Technology can be Shaped to Create Better Jobs: New Report
VANCOUVER, BC, June 15, 2021 /CNW/ - There is no evidence that new technologies (like robotics or artificial intelligence) are causing widespread unemployment in Canada, but they can negatively affect the quality of jobs – and should be managed in ways that improve job stability and working conditions. That is the conclusion of new research published today by the Centre for Future Work in Vancouver.
The report, Bargaining Tech: Strategies for Shaping Technological Change to Benefit Workers, also surveys efforts by Canadian trade unions to negotiate the terms of new technology with employers. It analyses 350 collective agreement provisions governing new technology, and finds unions are constructively engaged in shaping new tech to improve the net impacts on workers.
Other major findings of the report include:
- Fears tech change will produce mass unemployment are not consistent with statistical evidence from Canada's recent economic history. A bigger economic risk is that Canadian businesses are not investing enough in new technology: both tangible machinery and intangible innovation.
- While fears of mass unemployment are misplaced, implementation of new technologies can certainly cause major labour disruptions and reallocation. They can also have negative effects on the quality of jobs: including speed-up of work, fragmentation of tasks, new health and safety risks, and the expansion of insecure employment.
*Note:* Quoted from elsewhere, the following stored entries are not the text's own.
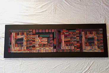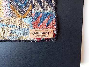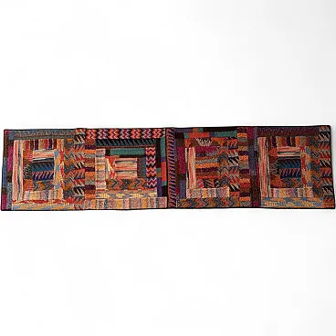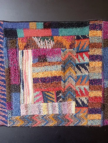 This Ottavio Missoni tapestry, measuring 182 cm x 60 cm, is composed of rhythmically arranged squares and panels. Constructed like a textile patchwork, each module features the classic zigzag patterns, stripes, and geometric shapes typical of Missoni's style, woven together in a dynamic yet harmonious composition with a strong visual impact. The color palette is rich in deep blues, purples, turquoises, oranges, reds, powder pinks, and neutral touches that alternate to create depth and movement. The variations in texture and density of the fabric add a dimension, making the tapestry almost vibrant to the eye. Overall, the work combines textile craftsmanship and artistic research, transforming a decorative element into a veritable fabric painting, ideal as a centerpiece for a contemporary wall or as a sophisticated accent in a designer setting. Tapestry by Ottavio Missoni with his signature design. It features repeating squares in shades of blue. The textures and colors alternate, creating depth and visual dynamism. The outer edge is finished in black, elegantly framing the whole piece. Made of pure wool in the 1980s, it measures 200 cm x 79 cm. It has a black frame at the top that allows it to be easily hung on the wall. Ottavio Missoni was born on February 11, 1921, in Dubrovnik, on the Dalmatian coast. His mother, Teresa de Vidovich, was a countess.
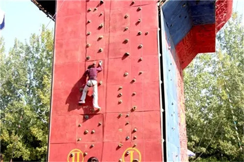 刺激的攀岩开始啦!看着孩子们灵巧的身姿在岩壁上自由行走,真替他们紧张,也为他们骄傲。在一旁陪伴的老师也忍不住尝试了一下,学生们纷纷为老师助威呐喊,老师的勇敢也激起了学生们的斗志,一个个都力争爬到最高点!
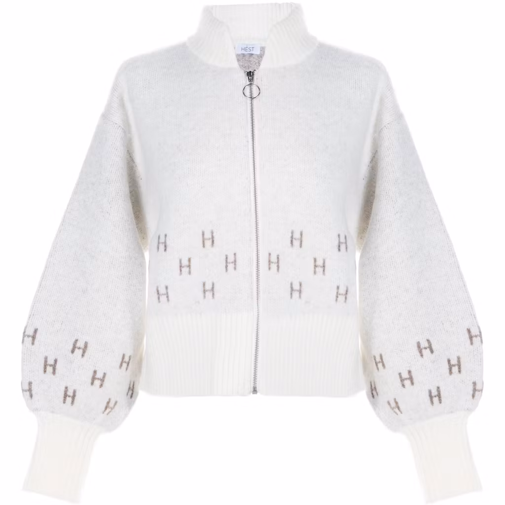 Utforsk Hést sin korte strikkejakke med glidelås, høye ribber på ermene og nederst, og elegante "H"-logoer strikket inn i designet. Laget av en behagelig blanding av 30% ull, 15% alpakka, 30% akryl, 22% nylon og 3% elastan. Denne jakken gir både stil og komfort.
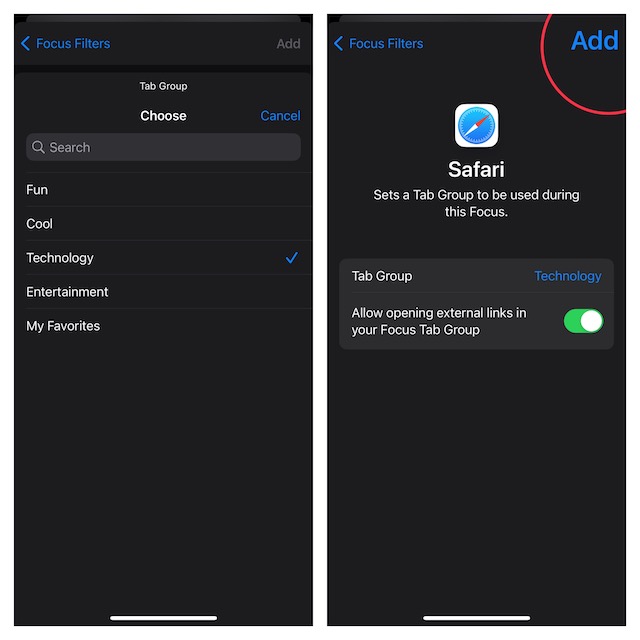 7.Bu ekranda, oluşturduğunuz Safari sekme gruplarının bir listesini görmelisiniz. Son olarak, istenen sekme grubunu seçin ve ardındanEklemekbitirmek için ekranın sağ üst köşesinde.

- For all these reasons, whether technology enhances or degrades work is indeterminate. Giving workers more say in negotiating how technology unfolds is thus vital to enhancing the benefits and reducing the costs.
- There is no evidence Canadian unions are trying to "stop" technology. Instead, they are constructively shaping it, through measures like advance notice, adjustment supports, access to training and redeployment, limits on surveillance, arrangements for work from home (which expanded under COVID), and more.
The report concludes with several recommendations for both governments and unions, including: strengthening collective bargaining systems so workers have more say in new technologies; linking government support for business innovation with commitments to negotiate tech change with their workers; and putting more emphasis on reducing regular working hours to prevent job losses from new technology.
According to lead author Dr. Jim Stanford, Director of the Centre for Future Work, "Technology is neither the villain nor the savior in the future of work."
"Whether it helps workers or hurts them, all depends on who has a say in how technology is implemented."
"If we want workers to get on-board with the positive potential of new technologies, we have to give workers a fair say in shaping how tech is applied in their workplaces."
"That will make technological change faster, more productive, and fairer."
The new research on technology and unions is released coincident with the triennial convention of the Canadian Labour Congress (occurring on-line this week).
The full report, Bargaining Tech: Strategies for Shaping Technological Change to Benefit Workers, by Jim Stanford and Kathy Bennett, can be accessed at: https://centreforfuturework.ca/wp-content/uploads/2021/06/Bargaining-Tech.pdf.
The report is published through the PowerShare project, led by the Centre for Future Work with support from the Canadian Centre for Policy Alternatives and the Atkinson Foundation.